## TASK DIRECTIONS
Every line from the opening of the records to the line with "autel ; gradin" should be restated exactly, with both ends included and the pictures left out.

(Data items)
******************************

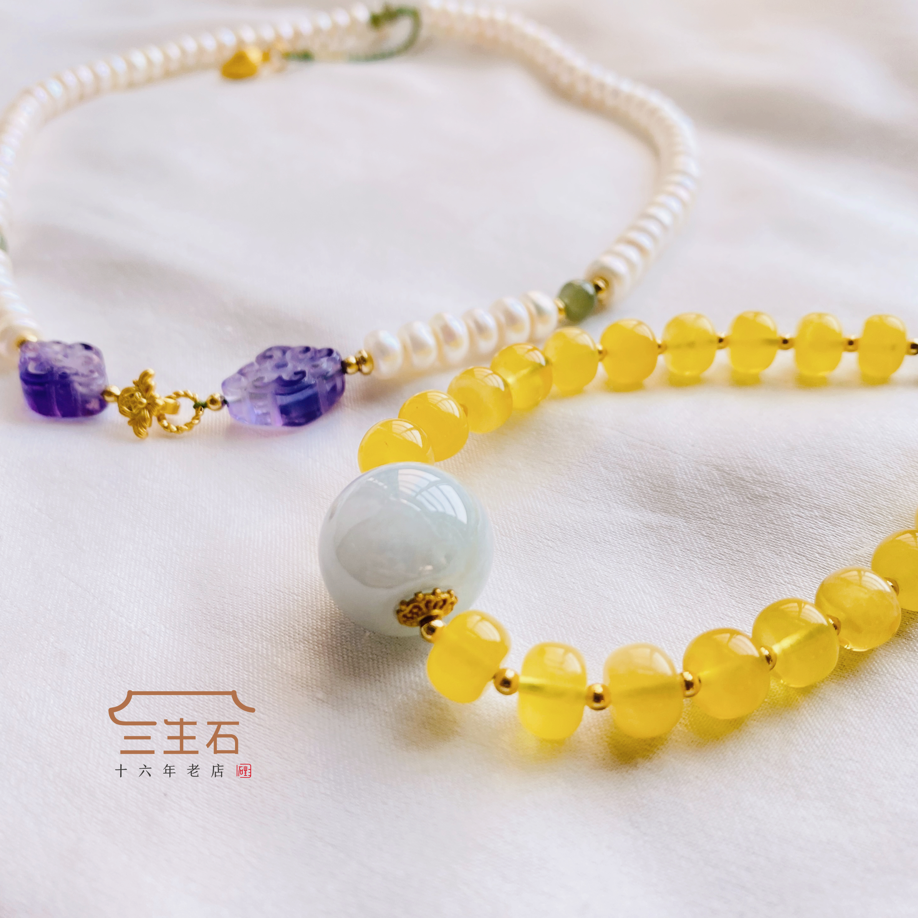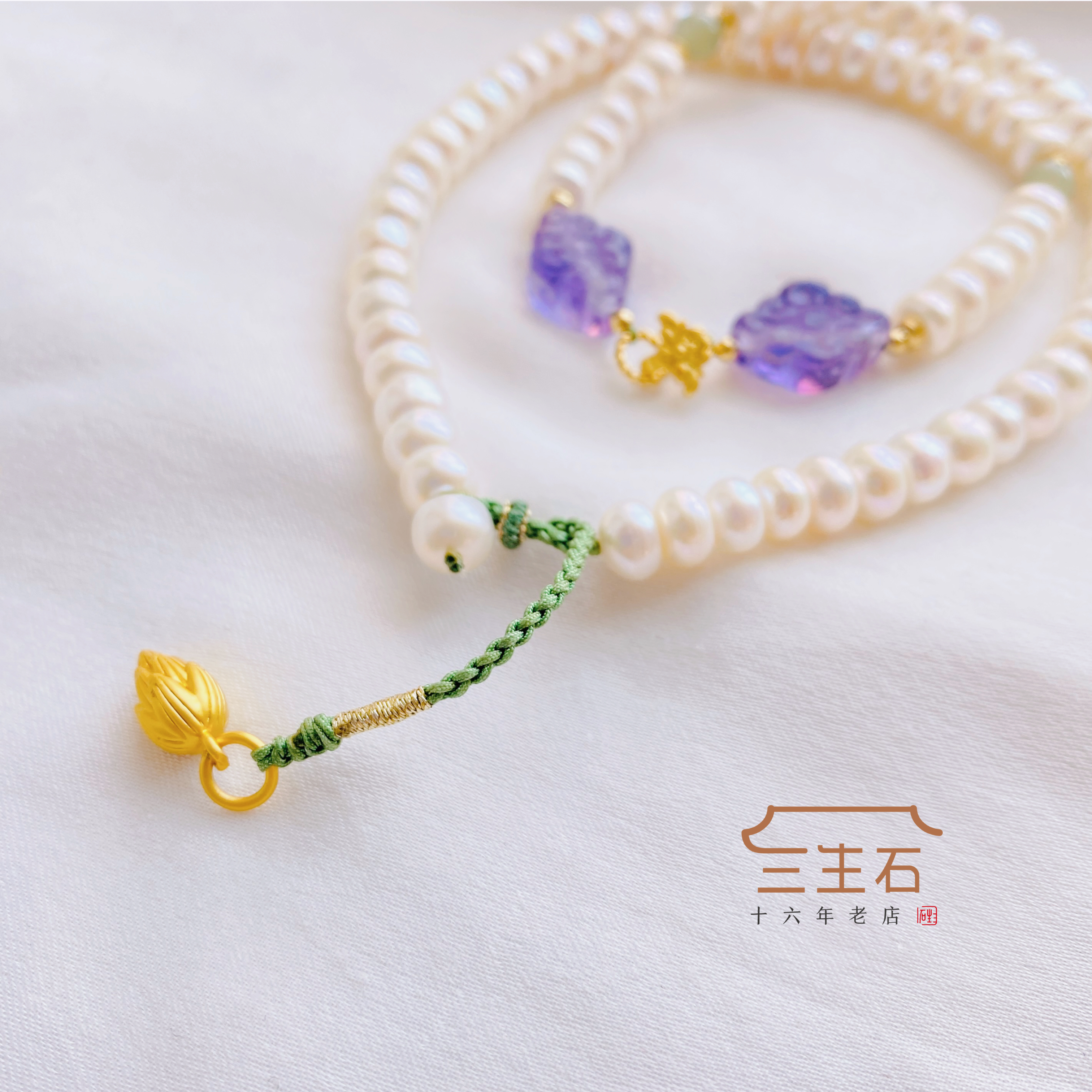 三生石·天然珍珠蜜蜡紫晶国风多用项链
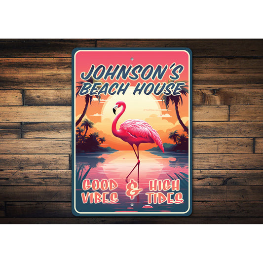 Personalized Flamingo Beach House Good Vibes Sign
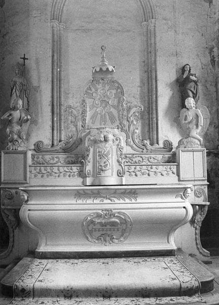 autel ; gradin d'autel (2) ; tabernacle ; exposition ; console (2) ; piédestal (2) ; statue (2)
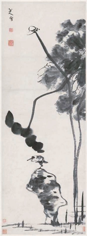 《荷花水鸟图》是清代杰出画家朱耷的作品。该作品描述的意境是:孤石倒立,疏荷斜挂,一只翻着白眼的缩脖水鸟独立于小头朝下的怪石之上。从朱耷《荷花水鸟图》这一类作品中,人们很容易察觉作者怪诞、冷漠、高傲、孤独、白眼向人的个性特征。他作画常取枯枝败叶、孤影怪石,表现他心中那种残山剩水、地老天荒的精神世界,极具强烈的艺术个性(图6-20)。
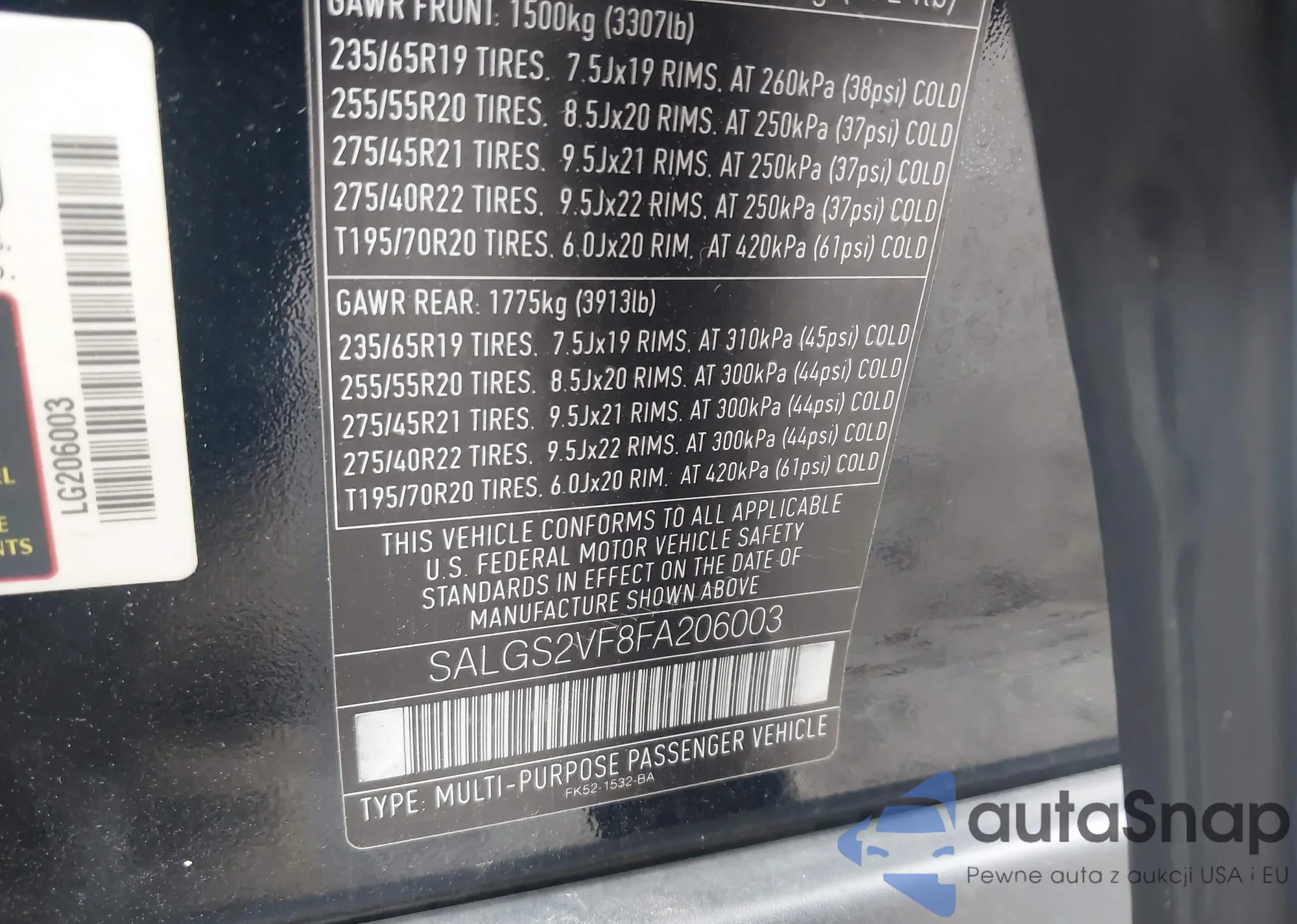 LOT: 41924522 VIN: SALGS2VF8FA206003
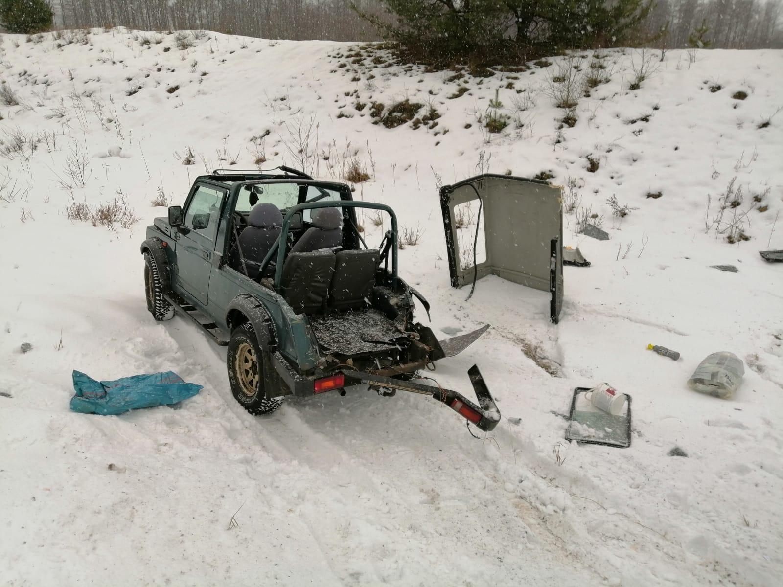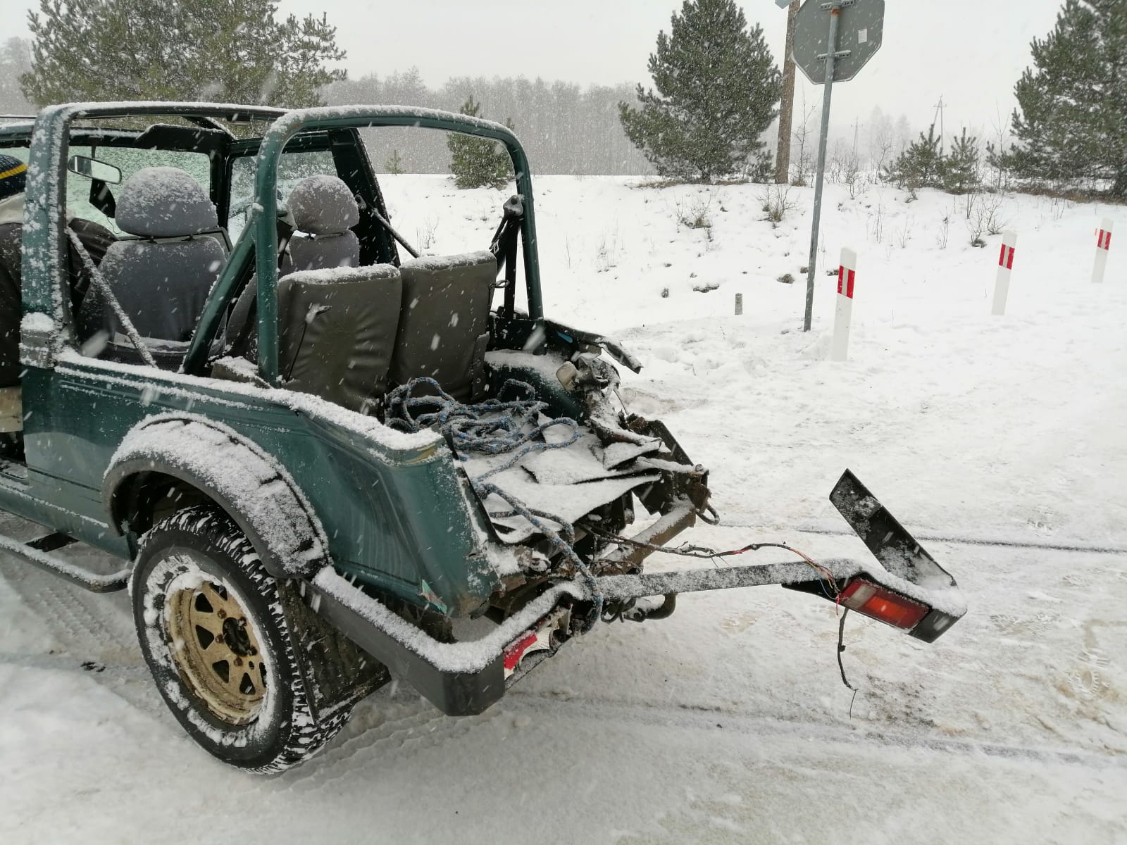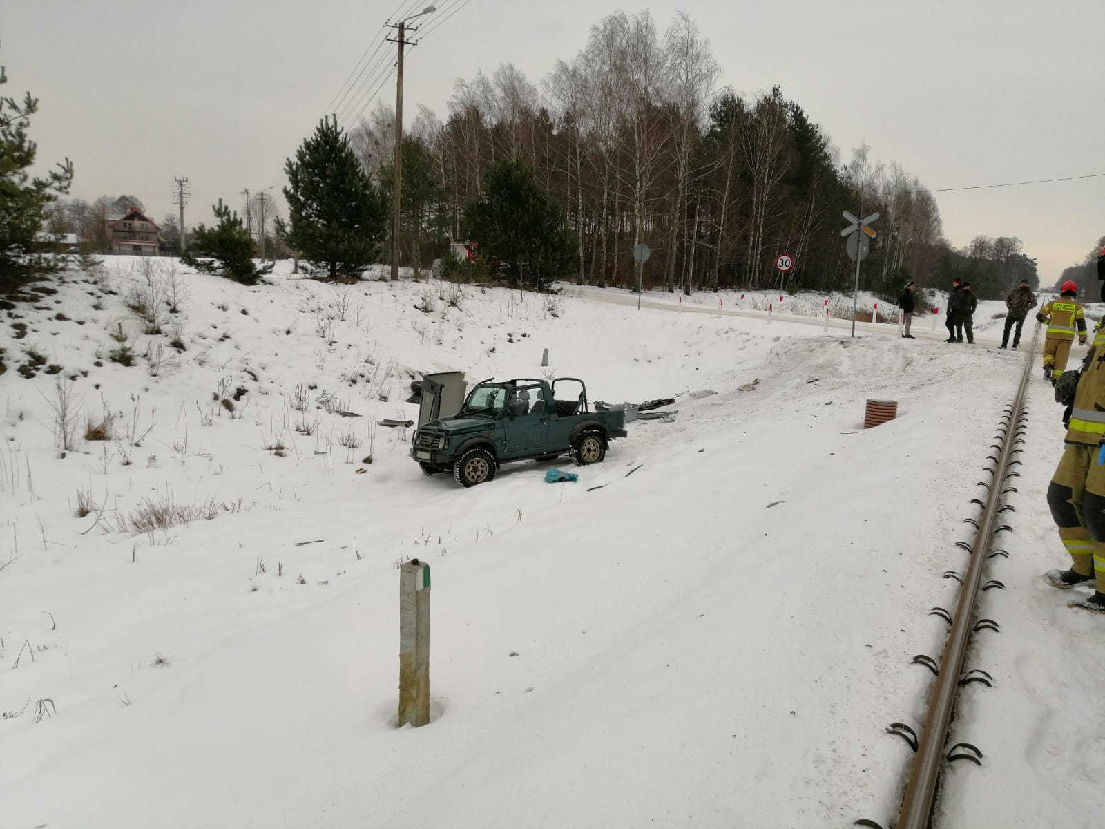 28 stycznia 2021 r., ok. godz. 14:00, na szlaku kolejowym Ełk-Olsztyn w miejscowości Snopki, doszło do zderzenia samochodu osobowego marki Suzuki Samuraj z szynobusem. Pojazdem podróżowały dwie osoby. W chwili przybycia jednostek straży pożarnej, samochód stał na kołach w rowie. Na szczęście kierowca i pasażer nie odnieśli żadnych obrażeń. Działania zastępów straży pożarnej polegały na zabezpieczeniu miejsca zdarzenia oraz odłączeniu akumulatora w pojeździe.
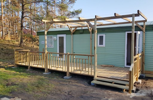 Piękny taras segmentowy do łatwego montażu! Zaprojektowany tak aby pasował pod każdy domek Holenderski. Zaledwie kilka elementów gotowych do skręcenia ze sobą! Świetnie nadaje się do domku holenderskiego, campingu, altany czy nawet domu! Solidna konstrukcja i impregnacja sprawiają, że jest on bardzo wytrzymały!

******************************

## ANSWER AREA
 三生石·天然珍珠蜜蜡紫晶国风多用项链
 Personalized Flamingo Beach House Good Vibes Sign
 autel ; gradin d'autel (2) ; tabernacle ; exposition ; console (2) ; piédestal (2) ; statue (2)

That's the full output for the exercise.